*What is required*. Go to the line below containing "это тактика запугивания." and print exactly from there through the line containing "El presidente electo, Donald", both included. Print nothing else.

*Input data*.

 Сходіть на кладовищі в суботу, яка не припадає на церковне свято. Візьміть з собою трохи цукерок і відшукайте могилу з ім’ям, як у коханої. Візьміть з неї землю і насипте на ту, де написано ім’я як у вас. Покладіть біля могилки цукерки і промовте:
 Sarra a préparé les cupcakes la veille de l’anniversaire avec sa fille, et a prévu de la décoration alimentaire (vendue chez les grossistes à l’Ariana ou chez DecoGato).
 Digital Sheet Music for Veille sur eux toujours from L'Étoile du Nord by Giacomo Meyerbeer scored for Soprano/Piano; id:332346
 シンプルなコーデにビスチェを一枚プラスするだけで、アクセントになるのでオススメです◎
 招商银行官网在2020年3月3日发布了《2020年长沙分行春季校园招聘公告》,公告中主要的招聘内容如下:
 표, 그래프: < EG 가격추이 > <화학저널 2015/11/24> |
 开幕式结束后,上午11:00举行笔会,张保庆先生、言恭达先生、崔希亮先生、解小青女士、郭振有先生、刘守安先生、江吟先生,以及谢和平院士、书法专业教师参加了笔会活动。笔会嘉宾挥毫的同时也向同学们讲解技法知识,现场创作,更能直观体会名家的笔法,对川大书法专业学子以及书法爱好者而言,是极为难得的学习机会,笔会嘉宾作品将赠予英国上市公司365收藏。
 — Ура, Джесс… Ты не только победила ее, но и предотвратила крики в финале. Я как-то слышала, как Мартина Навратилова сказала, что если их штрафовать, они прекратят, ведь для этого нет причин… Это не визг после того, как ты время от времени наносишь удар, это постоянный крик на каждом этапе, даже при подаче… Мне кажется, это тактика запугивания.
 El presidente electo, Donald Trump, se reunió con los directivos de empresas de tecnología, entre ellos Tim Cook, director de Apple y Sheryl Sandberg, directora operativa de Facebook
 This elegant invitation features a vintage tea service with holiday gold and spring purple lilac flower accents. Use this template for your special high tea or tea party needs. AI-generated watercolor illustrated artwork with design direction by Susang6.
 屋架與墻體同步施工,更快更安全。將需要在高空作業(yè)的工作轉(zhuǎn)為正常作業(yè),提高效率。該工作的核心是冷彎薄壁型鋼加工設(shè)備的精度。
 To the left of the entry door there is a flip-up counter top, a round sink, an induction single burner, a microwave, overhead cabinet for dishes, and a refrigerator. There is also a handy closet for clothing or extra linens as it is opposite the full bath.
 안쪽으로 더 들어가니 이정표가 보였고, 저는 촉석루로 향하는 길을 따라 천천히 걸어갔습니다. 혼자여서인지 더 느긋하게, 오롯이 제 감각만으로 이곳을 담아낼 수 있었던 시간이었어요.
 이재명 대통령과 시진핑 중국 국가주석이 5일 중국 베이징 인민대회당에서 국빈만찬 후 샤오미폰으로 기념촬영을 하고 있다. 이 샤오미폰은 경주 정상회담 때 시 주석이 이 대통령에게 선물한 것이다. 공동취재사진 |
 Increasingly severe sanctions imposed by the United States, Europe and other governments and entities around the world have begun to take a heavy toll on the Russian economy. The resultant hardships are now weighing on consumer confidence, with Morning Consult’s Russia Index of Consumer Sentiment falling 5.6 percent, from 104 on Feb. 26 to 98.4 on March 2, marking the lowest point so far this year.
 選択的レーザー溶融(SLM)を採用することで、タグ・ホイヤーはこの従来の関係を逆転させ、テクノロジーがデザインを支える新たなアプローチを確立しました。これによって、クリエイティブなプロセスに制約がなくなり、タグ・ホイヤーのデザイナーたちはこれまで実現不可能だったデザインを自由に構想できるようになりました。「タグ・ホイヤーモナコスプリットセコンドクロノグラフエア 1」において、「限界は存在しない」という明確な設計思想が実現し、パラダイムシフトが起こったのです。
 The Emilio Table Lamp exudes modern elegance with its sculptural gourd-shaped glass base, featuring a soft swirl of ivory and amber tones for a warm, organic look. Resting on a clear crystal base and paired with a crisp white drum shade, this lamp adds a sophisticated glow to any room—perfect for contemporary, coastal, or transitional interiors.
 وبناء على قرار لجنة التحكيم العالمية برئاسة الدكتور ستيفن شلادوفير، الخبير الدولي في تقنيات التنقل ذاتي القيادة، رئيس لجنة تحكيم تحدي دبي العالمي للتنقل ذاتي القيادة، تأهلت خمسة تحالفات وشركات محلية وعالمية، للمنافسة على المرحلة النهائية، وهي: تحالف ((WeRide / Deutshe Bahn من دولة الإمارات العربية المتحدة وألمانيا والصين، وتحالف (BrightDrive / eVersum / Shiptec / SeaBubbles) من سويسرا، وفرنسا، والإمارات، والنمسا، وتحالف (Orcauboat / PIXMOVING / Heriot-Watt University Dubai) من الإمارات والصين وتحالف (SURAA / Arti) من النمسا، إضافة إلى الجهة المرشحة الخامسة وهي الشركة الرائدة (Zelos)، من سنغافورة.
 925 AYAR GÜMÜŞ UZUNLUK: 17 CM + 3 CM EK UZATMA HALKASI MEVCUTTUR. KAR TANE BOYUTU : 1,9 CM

*Output of the task*.
 — Ура, Джесс… Ты не только победила ее, но и предотвратила крики в финале. Я как-то слышала, как Мартина Навратилова сказала, что если их штрафовать, они прекратят, ведь для этого нет причин… Это не визг после того, как ты время от времени наносишь удар, это постоянный крик на каждом этапе, даже при подаче… Мне кажется, это тактика запугивания.
 El presidente electo, Donald Trump, se reunió con los directivos de empresas de tecnología, entre ellos Tim Cook, director de Apple y Sheryl Sandberg, directora operativa de Facebook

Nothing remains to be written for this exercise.